Pills & Clots, Hills & Plots… Dr.Elizabeth Oliver

After his daughter developed a blood clot while taking the medication Diane-35, Federal MP Julian Hill last week outlined his plan to ban the drug in Australia. He is concerned that GPs are mindlessly prescribing this dangerous drug because they like the way the name sounds. Let’s review.

Diane-35 is a contraceptive pill specifically formulated to target skin. It’s prescribed for women with severe acne and body hair, with the added benefit of contraception and control of heavy periods, should the woman require either. Mr Hill revealed that the risk of blood clots, or deep vein thrombosis (DVT) on Diane-35 is double the risk of more commonly prescribed Pills.

img_6723

If you monitored ten thousand women not taking any Pill for a year, between 1 and 5 of them would get a DVT. 

A woman on a commonly prescribed, ‘safer’ Pill, say Levlen, has a risk of 5 to 7 in ten thousand.

A woman taking Diane-35 has a risk of 9 to 12 in ten thousand.

For perspective, in the three months after giving birth a woman has a risk of 60 in ten thousand.

Yes, it is double the risk. Sort of. Five more out of ten thousand. But, hold on, even women on a ‘safe’ Pill are at increased risk? Double to seven times compared to no Pill at all, depending how you sell it. Immediately after giving birth, a woman has a risk six times that of Diane-35. Should we ban pregnancy? Even better, ban smoking. Let’s ban obesity. Also hip and knee surgery. All of these substantially increase the risk of DVT. International travel, banned.

Any man or woman carrying the common Factor V Leiden gene has a one in ten risk over their lifetime of developing a DVT. No woman with this condition should be on the Pill, any Pill. No person with this condition should smoke. All people with this condition should be aware of it when taking long haul flights.

Is it good that we are talking about the risks of commonly used medications? Yes. If a wave of women come in the next few weeks wanting to discuss their contraceptive choice, fantastic. But the idea that any medication which requires a nuanced approach should be ‘banned’ is tiresome and hysterical. Thirty one men died after using Viagra in the first year of its availability in the UK, and plenty more since. Should we ban Viagra? One woman per week dies of domestic violence in Australia. Shall we ban men?

Contraception, like any medication, is complex. Any woman considering the Pill should have a thorough assessment of her family history and personalised risks and benefits. She should be presented with the numbers and make an informed decision based on her own values. I see women every day who deal with the effects of contraception, lack of contraception, acne, endometriosis, pregnancy and post-pregnancy complications. The more options they have, the better.

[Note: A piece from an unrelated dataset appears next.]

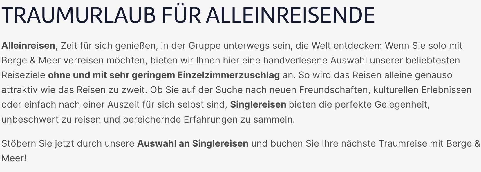Der Reiseveranstalter Berge & Meer bietet Alleinreisenden viele verschiedene Reisen weltweit mit geringen oder teilweise keinen Einzelzimmer-Aufschlägen an und das Beste: Das Angebote ist so groß und wechselt so regelmäßig, dass garantiert auch was für dich dabei ist! 🥳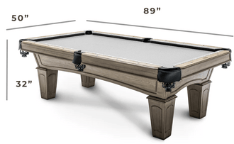 Constructed from the 100% hardwoods, the Elmhurst includes a 3-piece 1" thick slate table bed for consistent playing surface. Available in regulation 7, 8, and 9-foot sizes, the Elmhurst caters to various preferences and space requirements, and is fully customizable, from pocket options to cloth types and colors, including custom embroidery for a unique touch.

Mr Hill has found in social media chat groups that “some young women think that this is a good pill that makes their skin nice.” I suggest that before he trivialises severe acne and passes judgement on another person’s health choices, he reviews the numbers on depression, bullying and suicide among acne sufferers. Before deciding how people should be protected from their silly aesthetic demands, he could talk to some womens’ health experts.

He states “everyone knows it’s widely prescribed as a sexy sounding first-choice contraceptive.” GPs are looking at each other in confusion. Diane-35 is known as one of the more expensive and poorly tolerated Pills and most GPs aren’t so dazzled by the PR that they prescribe it as first choice. And absolutely no offence to any Dianes or Brendas, but I don’t think they sound any sexier than Yaz, Yasmin, Zoely, Valette, Loette, Seasonique or Eleanor. I could as easily say “everyone knows taking any Pill increases your risk of DVT on a long haul flight,” but I’d be wrong, and so is he.

The risk of DVT is real in all Pills. For some women, the Pill allows them to manage their crippling endometriosis, heavy periods, period pain, and the increased cancer risk associated with the irregular periods of polycystic ovarian syndrome. No drug is completely safe, or completely evil. If we are truly concerned with the health of Australian women and their risk of DVT, we could champion the male contraceptive, a promising alternative whose study was halted in 2016 because 6% of men reported mild side effects. We could fund general practice in such a way that GPs have time to talk to their patients about drug choices. We could run a ‘vasectomy drive,’ encouraging those who have completed their families to make a non-drug choice.  All of this could help Australian women more than banning Diane-35, dangerously sexy though she may be.